# Spark README

This notebook shows how to run Spark in both local and yarn-client modes within TAP.

Several [Spark examples](/tree/examples/spark) are included with TAP.

More examples are available on the Spark website: http://spark.apache.org/examples.html

PySpark API documentation: http://spark.apache.org/docs/latest/api/python/

## Create a SparkContext in local mode

In local mode no cluster resources are used.  It is easy to setup and is good for small scale testing.

In [None]:
import pyspark

# Create a SparkContext in local mode
sc = pyspark.SparkContext("local")

In [None]:
# Test the context is working by creating an RDD and performing a simple operation
rdd = sc.parallelize(range(10))
print rdd.count()

In [None]:
# Find out ore information about your SparkContext
print 'Python Version: ' + sc.pythonVer
print 'Spark Version: ' + sc.version
print 'Spark Master: ' + sc.master
print 'Spark Home: ' + str(sc.sparkHome)
print 'Spark User: ' + str(sc.sparkUser())
print 'Application Name: ' + sc.appName
print 'Application Id: ' + sc.applicationId

In [None]:
# Stop the context when you are done with it.

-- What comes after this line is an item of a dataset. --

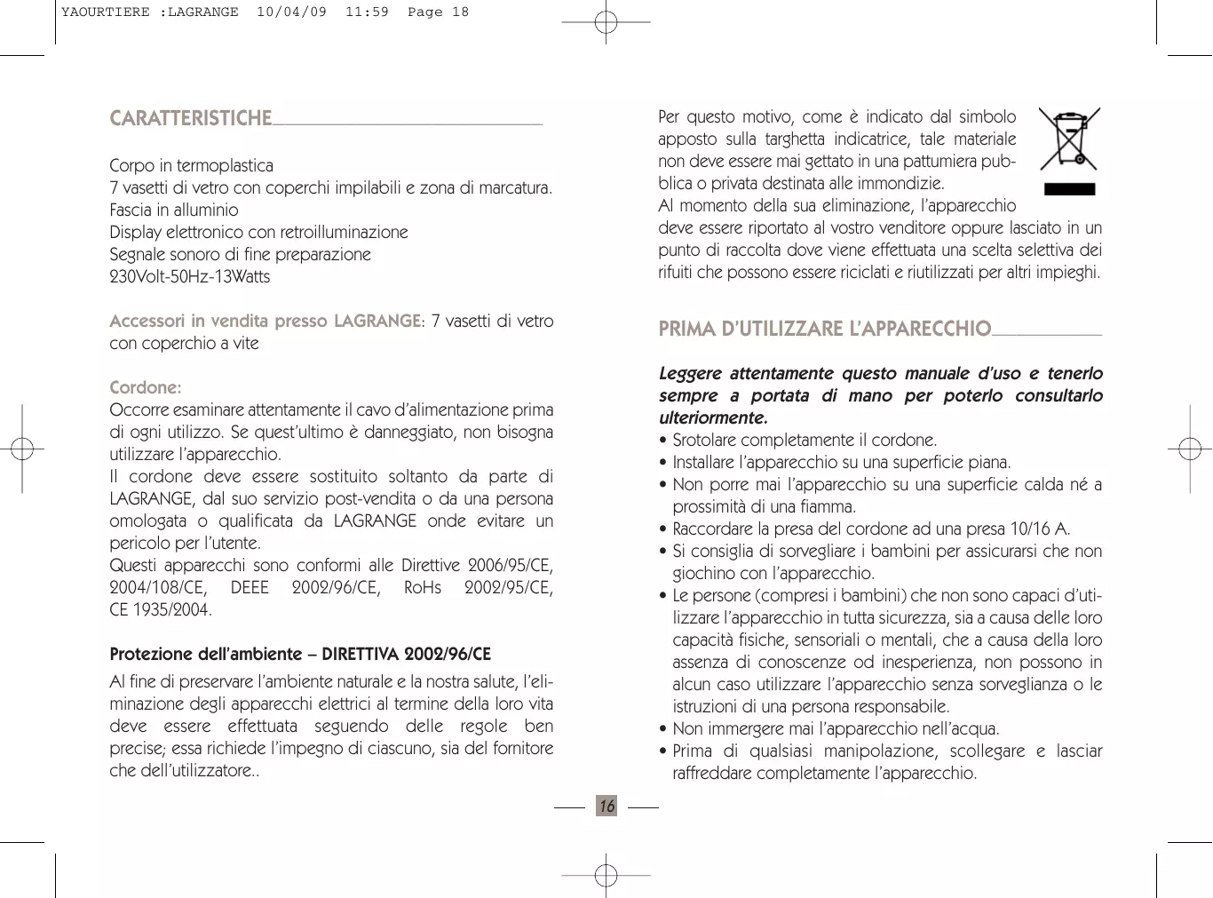 - Prima di qualsiasi manipolazione, scollegare e lasciar raffreddare completamente l’apparecchio. Cordone: Occorre esaminare attentamente il cavo d’alimentazione prima di ogni utilizzo. Se quest’ultimo è danneggiato, non bisogna utilizzare l’apparecchio. Il cordone deve essere sostituito soltanto da parte di LAGRANGE, dal suo servizio post-vendita o da una persona omologata o qualificata da LAGRANGE onde evitare un pericolo per l’utente. Questi apparecchi sono conformi alle Direttive 2006/95/CE, 2004/108/CE, DEEE 2002/96/CE, RoHs 2002/95/CE, CE 1935/2004. Protezione dell’ambiente – DIRETTIVA 2002/96/CE Al fine di preservare l’ambiente naturale e la nostra salute, l’eliminazione degli apparecchi elettrici al termine della loro vita deve essere effettuata seguendo delle regole ben precise; essa richiede l’impegno di ciascuno, sia del fornitore che dell’utilizzatore..

When you stop the SparkContext resources 
# are released and no further operations can be performed within that context.
sc.stop()

## Create a SparkContext in yarn-client mode

In yarn-client mode, a Spark job is launched in the cluster.  This is needed to work with big data.

In [None]:
import pyspark

# create a configuration
conf = pyspark.SparkConf()

# set the master to "yarn-client"
conf.setMaster("yarn-client")

# set other options as desired
conf.set("spark.driver.memory", "512mb")
conf.set("spark.executor.memory", "1g")

# create the context
sc = pyspark.SparkContext(conf=conf)


In [None]:
# Test the context is working by creating an RDD and performing a simple operation
rdd = sc.parallelize(range(10))
print rdd.count()

In [None]:
# Find out ore information about your SparkContext
print 'Python Version: ' + sc.pythonVer
print 'Spark Version: ' + sc.version
print 'Spark Master: ' + sc.master
print 'Spark Home: ' + str(sc.sparkHome)
print 'Spark User: ' + str(sc.sparkUser())
print 'Application Name: ' + sc.appName
print 'Application Id: ' + sc.applicationId

In [None]:
# Stop the context when you are done with it. When you stop the SparkContext resources 
# are released and no further operations can be performed within that context.
sc.stop()

## Using Spark Submit

It is possible to upload jars via Jupyter and use Spark Submit to run them.

In [None]:
# Call spark-submit to run the SparkPi example that ships with Spark.
# We didn't need to upload this jar because it is already loaded on the system.
!spark-submit --class org.apache.spark.examples.SparkPi \
    --master local \
    /usr/local/spark/lib/spark-examples-*.jar \
    10

Alternatively, you can access the [Jupyter dashboard](/tree) and then choose "New -> Terminal" to run spark-submit at the command line.